In taking up the personal history of George W. Hook, we present to our readers the life record of one who is well known in Bedford, where he has lived from his early youth.  He acquired his preliminary education in the public schools here and afterward attended a business college in Quincy, Illinois.  Subsequently he engaged in clerking in Bedford for several years but put aside all business and personal considerations at the time of the outbreak of the war with Spain, and became a private in Company I, Fifty-first Iowa Volunteer Infantry, serving with that command until mustered out with the regiment.  After the war he returned home, was married and began farming, which pursuit he followed for five years but thinking to find commercial interests more congenial and profitable, he formed a partnership with C. L. Willis and embarked in the hardware and furniture business, in which he still continues.  He now has a well-appointed store, tasteful in its arrangement and attractive in the lines of goods carried.  His business methods, too, are such as will bear the closest investigation and scrutiny and the honesty which he displays in all trade relations is one of the strong features of his success.
On the 19th of September, 1900, Mr.
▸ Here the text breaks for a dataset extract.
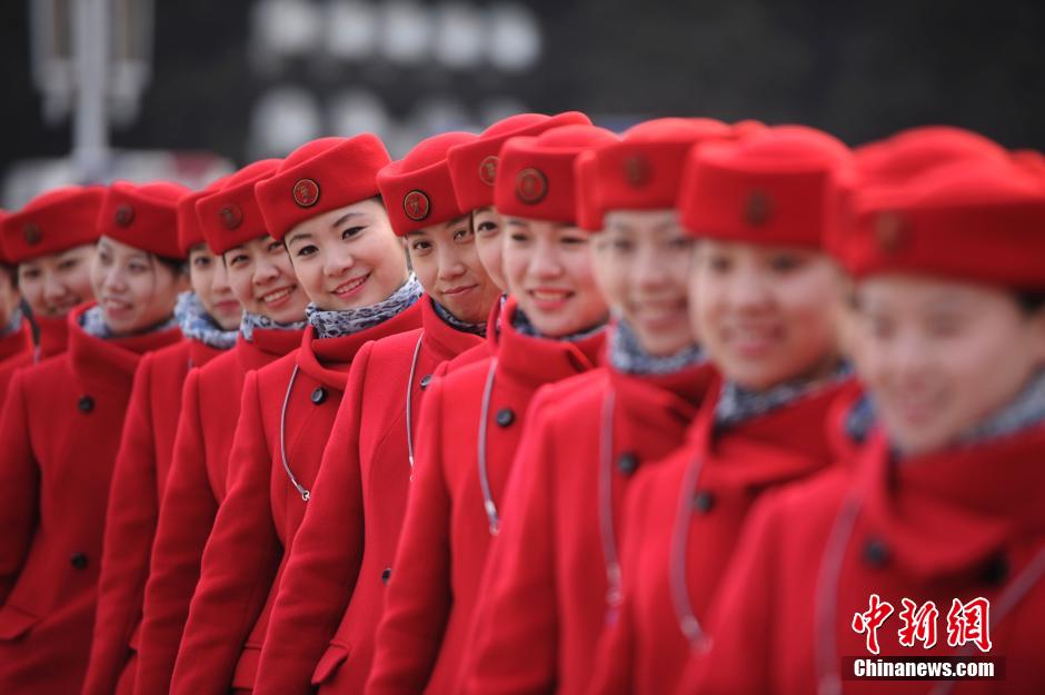 3月10日,第十二届全国人民代表大会第二次会议在人民大会堂举行第三次全体会议,听取最高人民法院院长周强作最高人民法院工作报告;听取最高人民检察院检察长曹建明作最高人民检察院工作报告。大会礼仪小姐在人民大会堂外合影留念。中新社发 陈超 摄

Hook was united in marriage to Miss Jessie Boyd, a daughter of John S. and Simildi (Reynolds) Boyd.  There were three children of that marriage, Ruth, John and Mary, who are still under the parental roof.  Mrs. Hook was born in Marshall township, this county, her parents coming from Ohio to Iowa more than a half century ago.  Both Mr. and Mrs. Hook are members of the Methodist church and he is identified with Taylor Lodge, No. 156, A. F & A. M.; Triangle Chapter, No. 68, R. A. M., and Bedford Lodge, No. 91, I. O. O. F.  His political endorsement is given to the republican party but the honors and emoluments of office have no attraction for him, as he prefers to concentrate his energies upon his business affairs.  He is (page 451) always prominent and active in movements for the public good, however, and at the Chautauqua held in Bedford in the summer of 1908, he had the pleasure of entertaining at his home General John C. Black, who was connected with the Civil Service Commission, and also commander in chief of the Grand Army of the Republic.  In addition to his property in Bedford he owns a farm of three hundred and twenty acres in Marshall township and as the land is rich and productive he derives therefrom a substantial income.  He is yet a young man, possessed of the enterprising spirit which has been the dominant factor in the upbuilding of the middle west.  Whatever he undertakes he accomplishes, whether it be for the welfare of the community or for individual interests.  His social qualities, too, endear him to his associates, who find him a genial, cultured gentleman, displaying at all times deference for the opinions of others and readily appreciative of good qualities in those with whom he comes in contact.